Outros grupos que exigem cidadania diferenciada rejeitam o objectivo da integração nacional. Desejam governar-se a si mesmos, à parte da sociedade em geral. Isto acontece sobretudo com minorias nacionais — isto é, comunidades históricas distintas, que ocupam o mesmo país ou território e que partilham uma linguagem e história distintas. Estes grupos estão nas margens de uma comunidade política mais lata, mas reivindicam o direito a governarem-se a si mesmos em certos aspectos, de modo a assegurar o livre desenvolvimento da sua cultura. O que estas minorias nacionais querem não é, primariamente, uma melhor representação no governo central, mas antes a transferência de poder do governo central para as suas comunidades, muitas vezes através de um tipo qualquer de federalismo ou autonomia local. Em vez de procurarem maior inclusão na sociedade em geral, procuram uma maior autonomia relativamente a ela.

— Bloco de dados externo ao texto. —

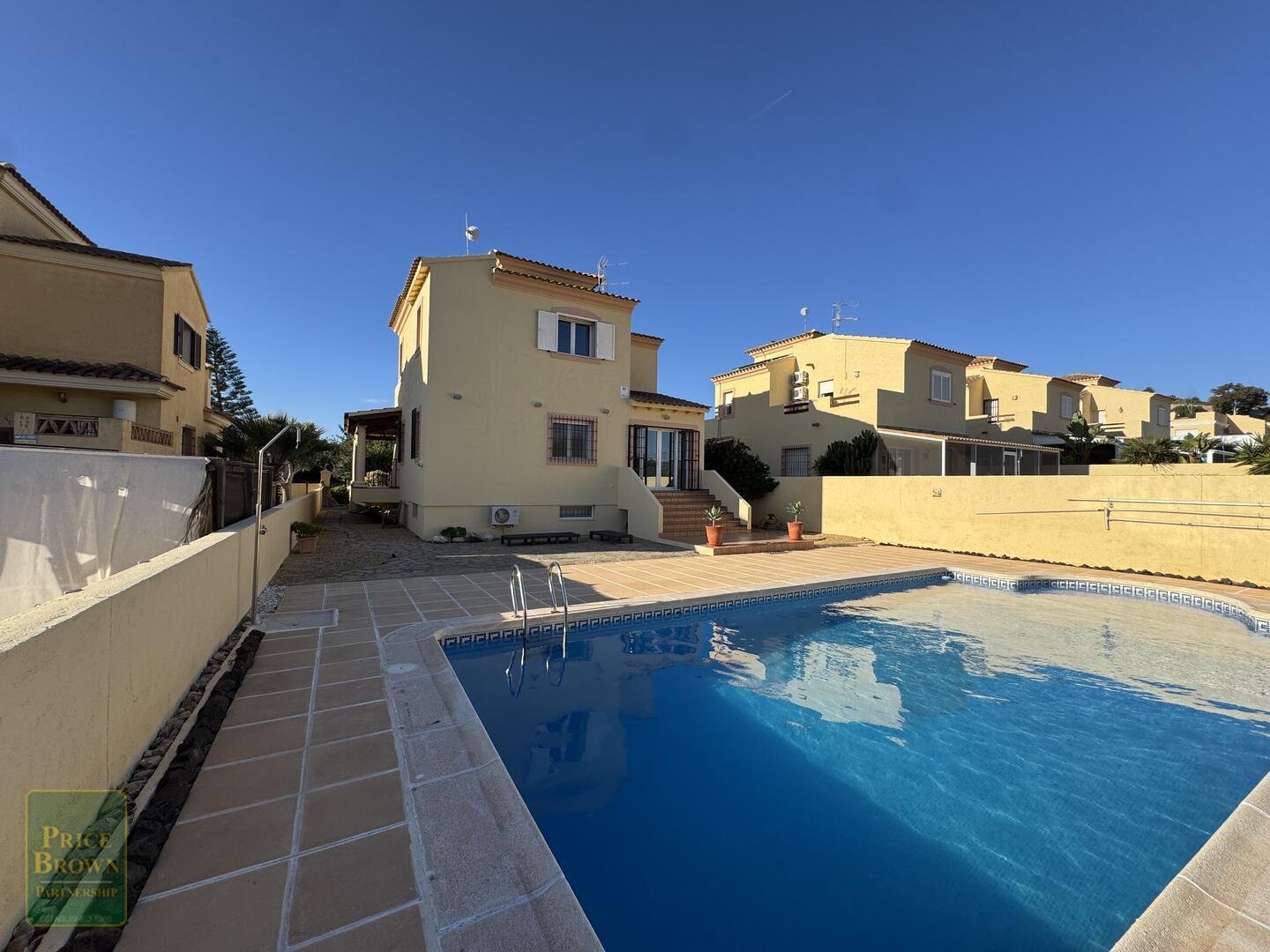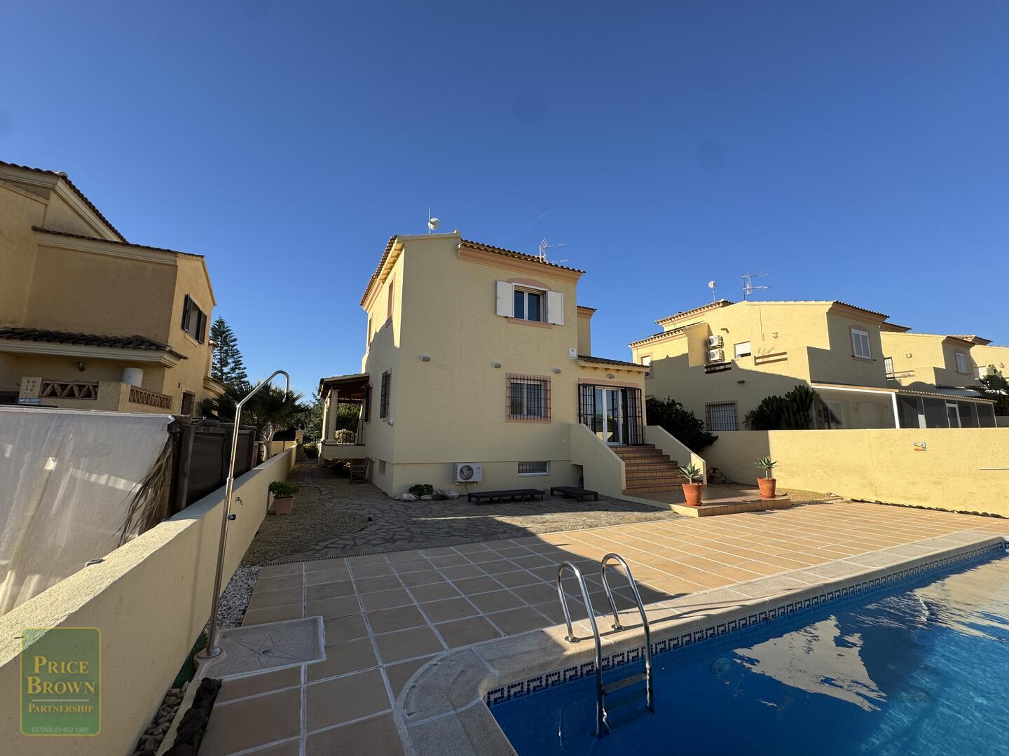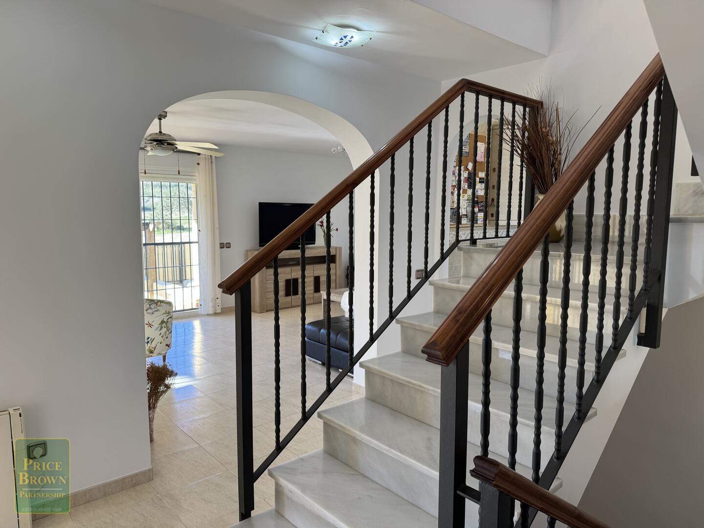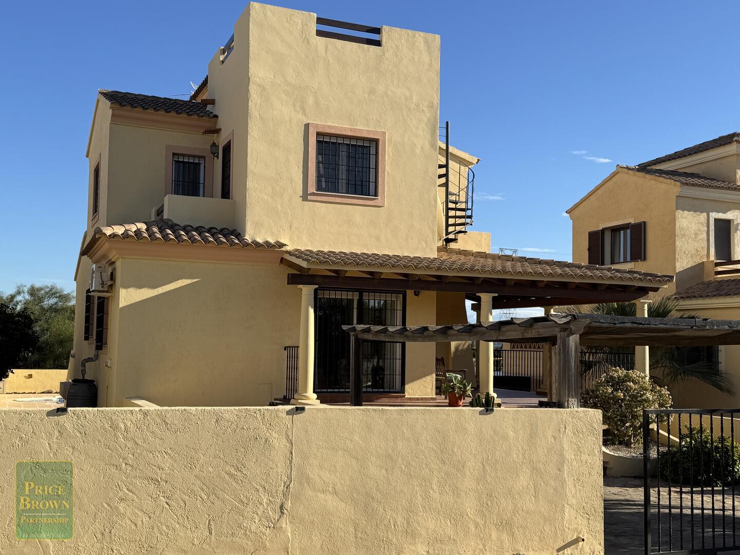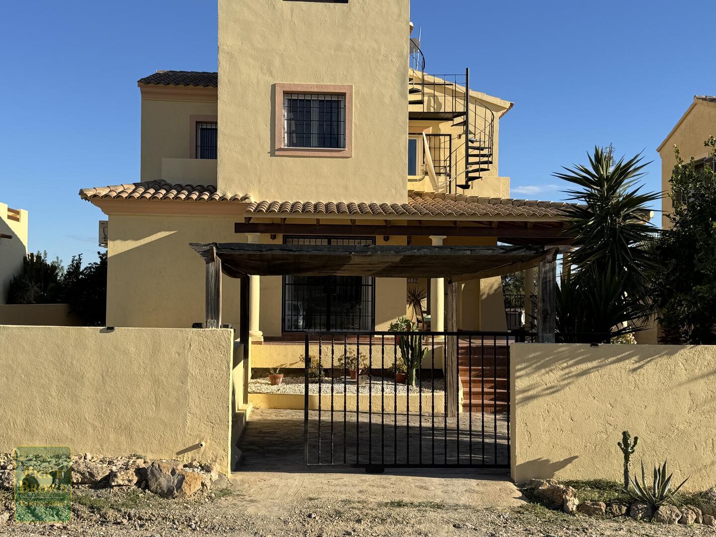 La Algarrabina, Vera: Appealing detached villa located close to the golf course at Desert Springs and just a short drive to the bustling town of Vera. La Algarrabina is a peaceful neighbourhood with a selection of well presented and stylish properties. Access to the property is easy, and we offer for sale one in a row of 4 similar properties. It comprises at ground floor; covered entrance terrace, hallway, living room, kitchen with access to the pool area, one double bedroom and a bathroom. A staircase from the hallway leads to the upper floor where you have three double bedrooms and 2 bathrooms; the master bedroom has an en-suite bathroom. A staircase from the hallway leads to the lower floor where you have a huge space currently designated to a 5th bedroom, study area and a garage. In addition, there is a roof terrace showcasing the wonderful country views, air conditioning throughout. There is a larger than normal 10 x 5 swimming pool. The property has recently been painted both inside and outside.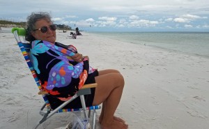 In the morning we started off on the bikes only to find Jackie’s rear tire was flat as a pancake. Gave it a good going-over but found no sharp objects or obvious leaks. Wouldn’t hold air though. A run to Walmart to get “green slime” to fill and fix the leak. Unscrewed the inner plug, added the green stuff and pumped in the air. No good, still went flat. Tried that twice and then gave up, went to the beach.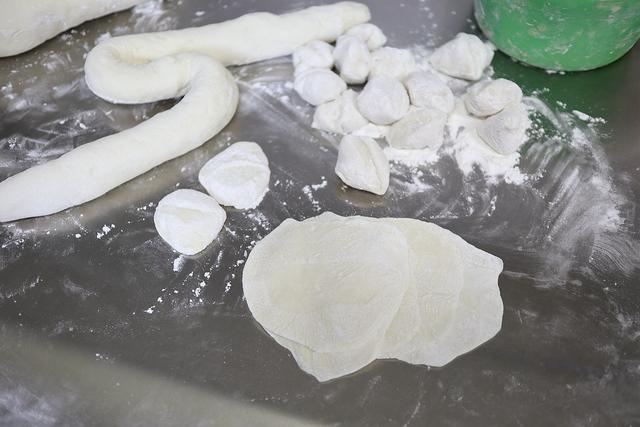 饧好的面团搓成长条,切成大小均匀的剂子,擀成中间稍厚、四周略薄的圆皮;

Este tipo de exigência põe em causa as perspectivas tradicionais da identidade de cidadania, que pressupõe que as pessoas se encaram como membros da mesma sociedade. Se a democracia é o governo do povo, as exigências de autogoverno levantam a questão de saber quem é realmente “o povo”. As minorias nacionais afirmam que são “nações” ou “povos” distintos, com direitos inerentes à autodeterminação que não foram abandonados pela sua federação (muitas vezes involuntária) com outras nações num país mais lato. Os direitos de autogoverno dividem o povo em povos separados, cada qual com os seus próprios direitos, territórios e poderes de autogoverno; e, logo, cada um tem a sua comunidade política autónoma. Se a cidadania é a pertença a uma comunidade política, então os direitos de autogoverno dão origem a uma espécie de cidadania dual, e a conflitos sobre com que comunidade — o grupo nacional ou o estado — os cidadãos mais se identificam. Além disso, se uma autonomia limitada é desejável para uma minoria nacional, por que não entrar completamente em secessão e ter uma nação-estado totalmente autónoma?
Com efeito, os países com minorias nacionais enfrentam o problema de nacionalismos conflituantes. O estado procura promover uma identidade nacional única através da cidadania comum; a minoria procura promover a sua identidade nacional distinta através da cidadania diferenciada. Encontrar uma fonte de unidade social em países multinações é uma questão fundamental que os pensadores da cidadania enfrentam.